## EXERCISE REQUIREMENTS
The reply should match the listing below character for character, except that no image is carried over.

## SUPPLIED MATERIAL

===============

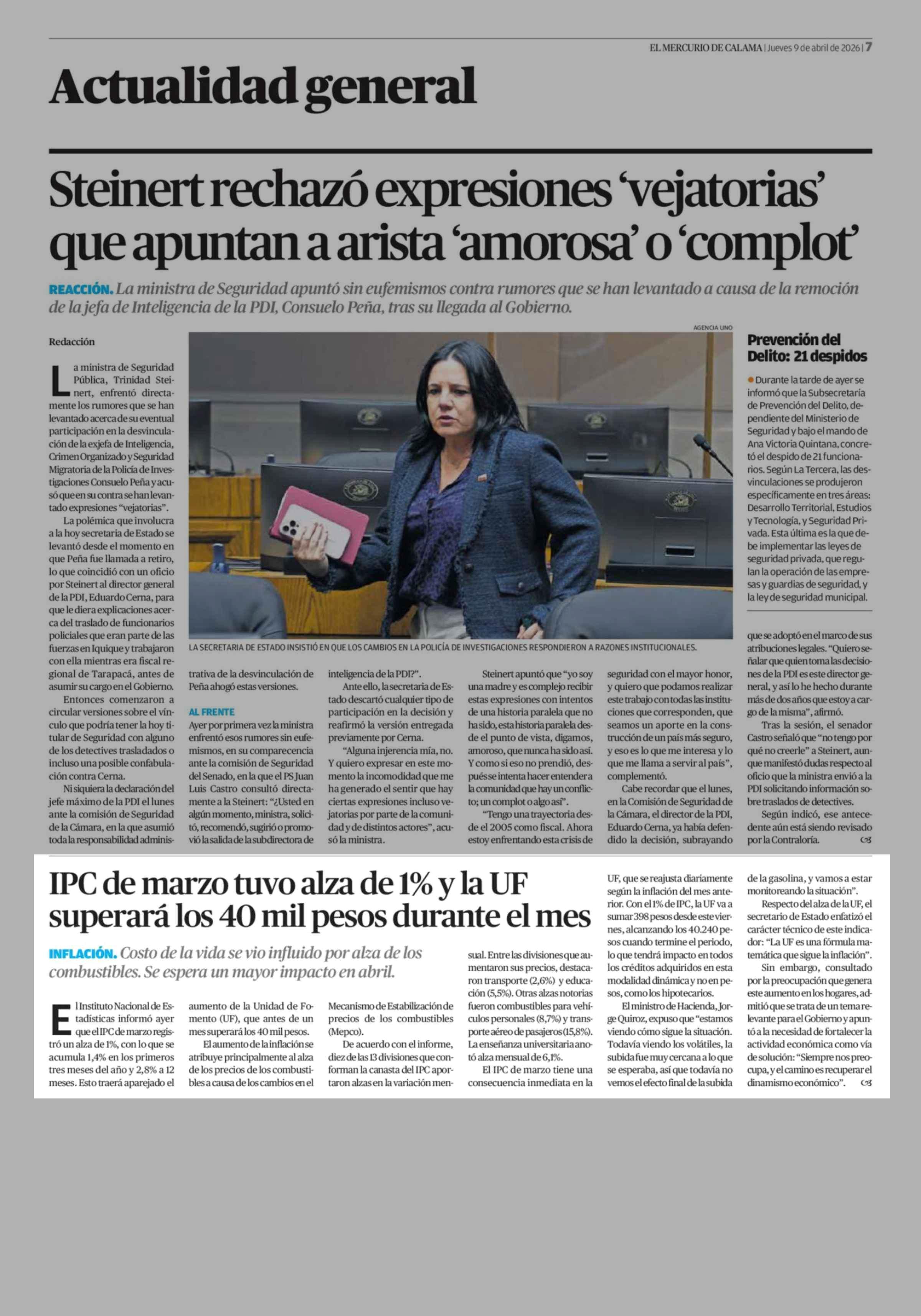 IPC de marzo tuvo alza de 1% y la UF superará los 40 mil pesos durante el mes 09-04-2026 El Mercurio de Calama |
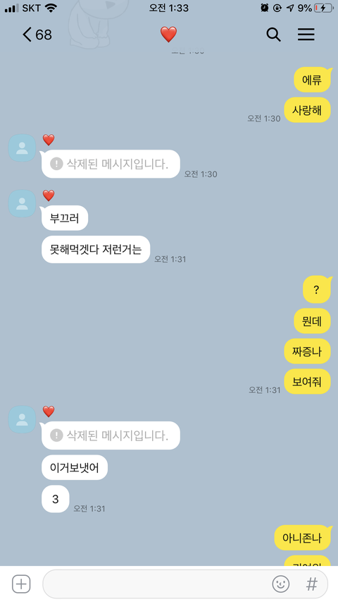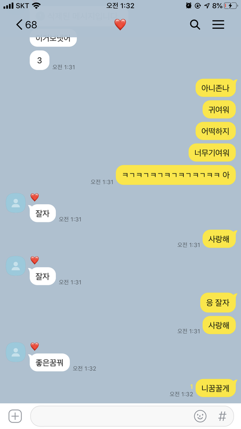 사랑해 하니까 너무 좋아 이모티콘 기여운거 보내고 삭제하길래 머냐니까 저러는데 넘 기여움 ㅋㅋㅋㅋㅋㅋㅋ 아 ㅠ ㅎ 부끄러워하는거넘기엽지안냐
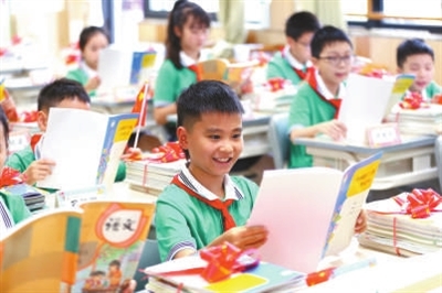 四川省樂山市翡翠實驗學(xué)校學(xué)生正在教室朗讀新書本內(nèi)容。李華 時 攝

===============

## WORKED SOLUTION
 IPC de marzo tuvo alza de 1% y la UF superará los 40 mil pesos durante el mes 09-04-2026 El Mercurio de Calama |
 사랑해 하니까 너무 좋아 이모티콘 기여운거 보내고 삭제하길래 머냐니까 저러는데 넘 기여움 ㅋㅋㅋㅋㅋㅋㅋ 아 ㅠ ㅎ 부끄러워하는거넘기엽지안냐
 四川省樂山市翡翠實驗學(xué)校學(xué)生正在教室朗讀新書本內(nèi)容。李華 時 攝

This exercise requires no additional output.